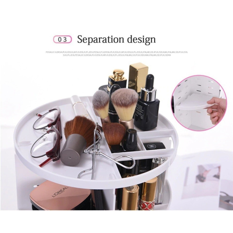 Органайзерът за гримове въртящ се на 360 градуса е перфектното решение за всеки, който обича да има подреден и организиран гримьор. Той е изключително практичен и удобен, като ще събере в себе си всички Ви продукти за козметика и грим.
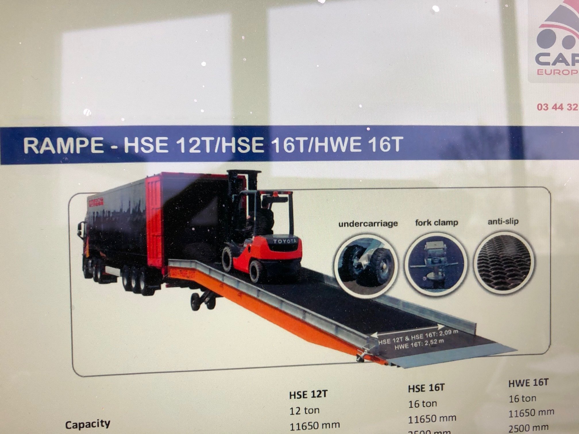| Détails | rampe de chargement avec levage électrique sur 2 batteries gel et manuel. Capacité : 16 tonnes longueur de la plateforme horizontale : 2500mm largeur intérieure : 2520mm hauteur ajustable 765-1850mm |
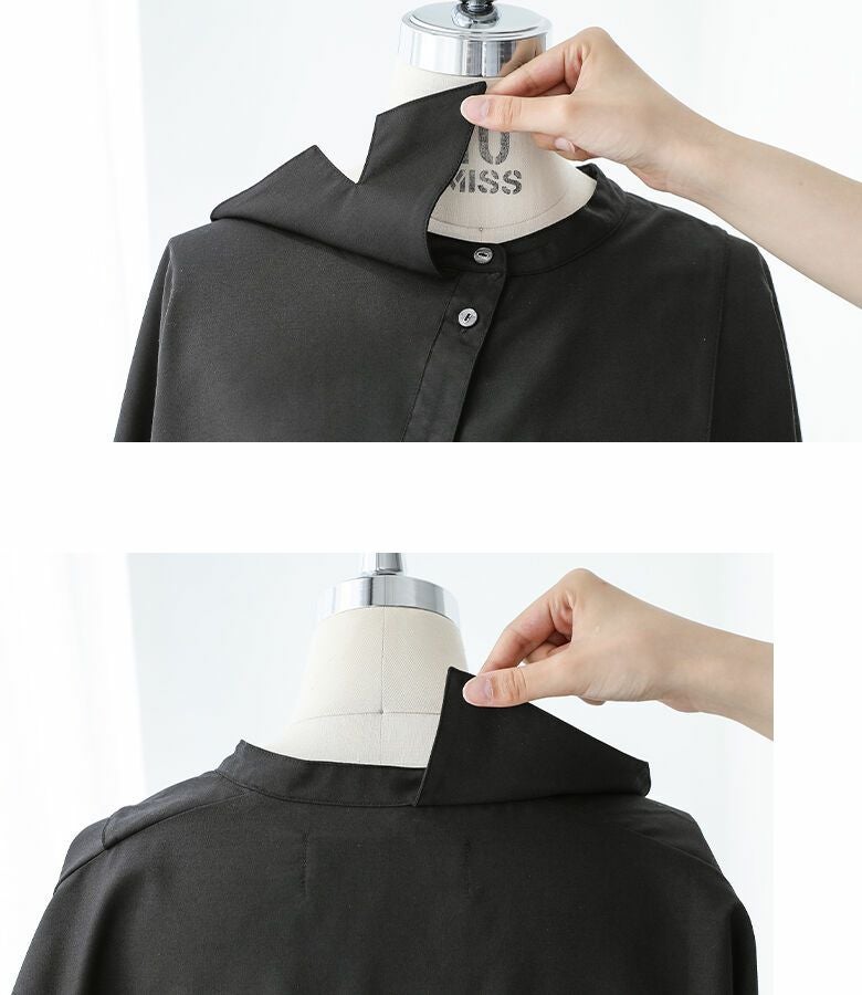 さらりとした肌触りで落ち感のあるシャツ生地を使用。程よい厚みでロングシーズン着られるのも嬉しいポイント。
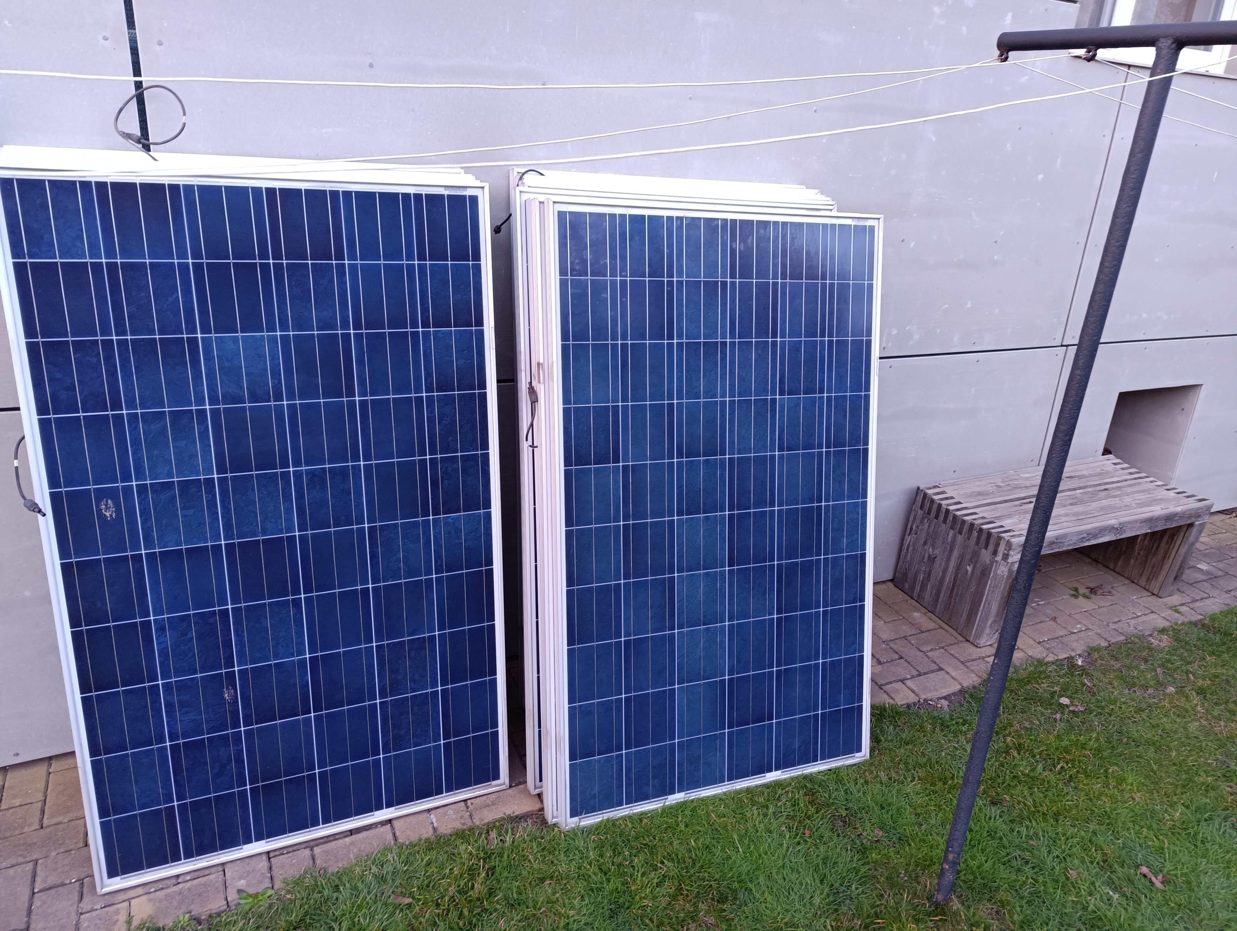 .V provozu na střeše od roku 2015 a jsou bez ztráty výkonu dodnes,doložím denní výpisy od roku 2015 z reglu. Těch 20ks dělalo 5.3kW což je přes 260W z panelu. Žádné vady,čisté sklo ,pravidelně myté.Dnes jsem je sundal. Nemám tušení co za ně,ale musí pryč, jinak si s nimi vzhledově zničím někde zahradu
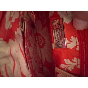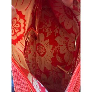 Talbots Red Straw Handbag With Bamboo Accents & Floral Lining
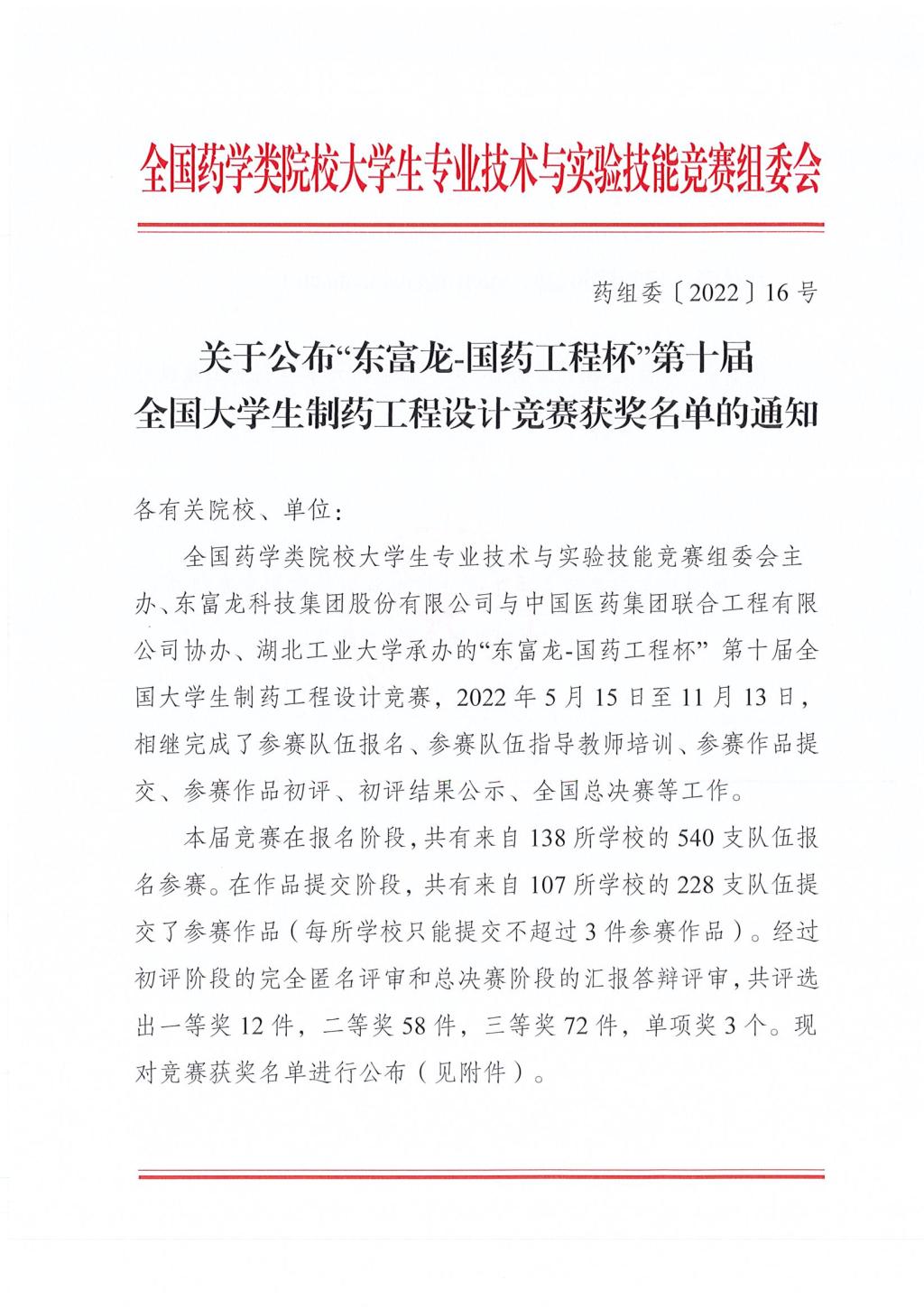 近日,由全国药学类院校大学生专业技术与实验技能竞赛组委会主办、东富龙科技集团股份有限公司与中国医药集团联合工程有限公司协办、湖北工业大学承办的“东富龙-国药工程杯”第十届全国大学生制药工程设计竞赛圆满落幕。本次竞赛以“年产7000万支新冠疫苗制剂车间工艺设计”为题,设计范围为疫苗制剂车间(含辅助生产设施),设计要求除满足药品生产质量管理规范(GMP)外,还需考虑在主工艺段留有参观空间。全国共有138所学校540支队伍报名参赛,其中107所学校228支队伍提交了参赛作品。

______

With all pictures left out, please transcribe exactly the lines from the start of the material through the line with "Talbots Red Straw".

§ **ANSWER FOR THE TASK**
 Органайзерът за гримове въртящ се на 360 градуса е перфектното решение за всеки, който обича да има подреден и организиран гримьор. Той е изключително практичен и удобен, като ще събере в себе си всички Ви продукти за козметика и грим.
| Détails | rampe de chargement avec levage électrique sur 2 batteries gel et manuel. Capacité : 16 tonnes longueur de la plateforme horizontale : 2500mm largeur intérieure : 2520mm hauteur ajustable 765-1850mm |
 さらりとした肌触りで落ち感のあるシャツ生地を使用。程よい厚みでロングシーズン着られるのも嬉しいポイント。
 .V provozu na střeše od roku 2015 a jsou bez ztráty výkonu dodnes,doložím denní výpisy od roku 2015 z reglu. Těch 20ks dělalo 5.3kW což je přes 260W z panelu. Žádné vady,čisté sklo ,pravidelně myté.Dnes jsem je sundal. Nemám tušení co za ně,ale musí pryč, jinak si s nimi vzhledově zničím někde zahradu
 Talbots Red Straw Handbag With Bamboo Accents & Floral Lining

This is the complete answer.